Dec. 12 (Bloomberg) -- President Robert Mugabe’s ruling Zimbabwe African National Union-Patriotic Front is proposing a plan to revive its troubled economy by increasing the role of the government and black nationals.
The plan, known as the Zimbabwe Agenda for Sustainable Socio-Economic Transformation, is being discussed at the Dec. 10-14 policy conference in the capital, Harare.
The “focus will be on full exploitation and value addition to the country’s own abundant resources,” according to the document.
Zanu-PF won a two-thirds parliamentary majority in July elections, ending a four-year coalition with the main opposition Movement for Democratic Change, while Mugabe extended his 33-year rule as leader of the southern African nation. The Finance Ministry has since revised its forecast for economic growth rate for the year to 3.4 percent from 5 percent.
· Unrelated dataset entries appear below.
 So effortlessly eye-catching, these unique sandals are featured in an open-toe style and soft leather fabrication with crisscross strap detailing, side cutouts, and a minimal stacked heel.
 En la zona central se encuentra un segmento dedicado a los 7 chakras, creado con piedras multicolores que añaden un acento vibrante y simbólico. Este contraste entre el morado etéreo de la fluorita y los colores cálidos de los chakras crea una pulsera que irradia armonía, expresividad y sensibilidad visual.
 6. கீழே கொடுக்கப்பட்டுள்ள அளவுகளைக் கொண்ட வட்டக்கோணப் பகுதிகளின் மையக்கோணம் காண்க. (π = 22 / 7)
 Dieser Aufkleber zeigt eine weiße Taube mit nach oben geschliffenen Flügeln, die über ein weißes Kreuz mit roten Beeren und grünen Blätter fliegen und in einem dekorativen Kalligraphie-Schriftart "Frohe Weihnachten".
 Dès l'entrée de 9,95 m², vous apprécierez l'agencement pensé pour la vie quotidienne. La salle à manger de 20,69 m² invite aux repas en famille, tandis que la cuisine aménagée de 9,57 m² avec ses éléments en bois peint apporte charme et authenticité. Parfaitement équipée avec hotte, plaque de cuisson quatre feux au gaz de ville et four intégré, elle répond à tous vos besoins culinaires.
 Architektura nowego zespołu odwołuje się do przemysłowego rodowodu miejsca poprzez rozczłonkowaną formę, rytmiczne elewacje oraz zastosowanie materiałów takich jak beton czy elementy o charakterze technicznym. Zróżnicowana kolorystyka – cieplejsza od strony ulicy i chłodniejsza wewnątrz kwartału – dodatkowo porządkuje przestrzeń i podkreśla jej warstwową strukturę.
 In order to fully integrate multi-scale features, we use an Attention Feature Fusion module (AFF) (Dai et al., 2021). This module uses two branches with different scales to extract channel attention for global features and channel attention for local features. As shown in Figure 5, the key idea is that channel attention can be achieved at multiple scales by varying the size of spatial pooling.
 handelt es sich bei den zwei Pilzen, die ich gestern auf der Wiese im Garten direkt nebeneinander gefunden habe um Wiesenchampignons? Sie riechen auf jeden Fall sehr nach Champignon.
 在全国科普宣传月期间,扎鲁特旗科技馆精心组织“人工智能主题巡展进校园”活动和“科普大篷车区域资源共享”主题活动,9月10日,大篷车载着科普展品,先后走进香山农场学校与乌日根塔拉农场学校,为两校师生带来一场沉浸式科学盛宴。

Anglo American Platinum Ltd. and Impala Platinum Holdings Ltd., the world’s two biggest producers of the metal, operate mines in Zimbabwe. The government requires foreign mine companies to give majority control of their ventures to black Zimbabweans or the government.
The conference comes after the party’s provincial chairpersons were elected last month, boosting the chances of Vice President Joice Mujuru succeeding Mugabe, 89, after her allies won nine of the 10 provinces.
Zanu-PF “may be stronger internally, but they don’t have the capacity to manage issues such as the external debt, economic problems facing the country,” Dumisani Nkomo, a political analyst and director of Bulawayo-based Habakuk Trust, said in an interview.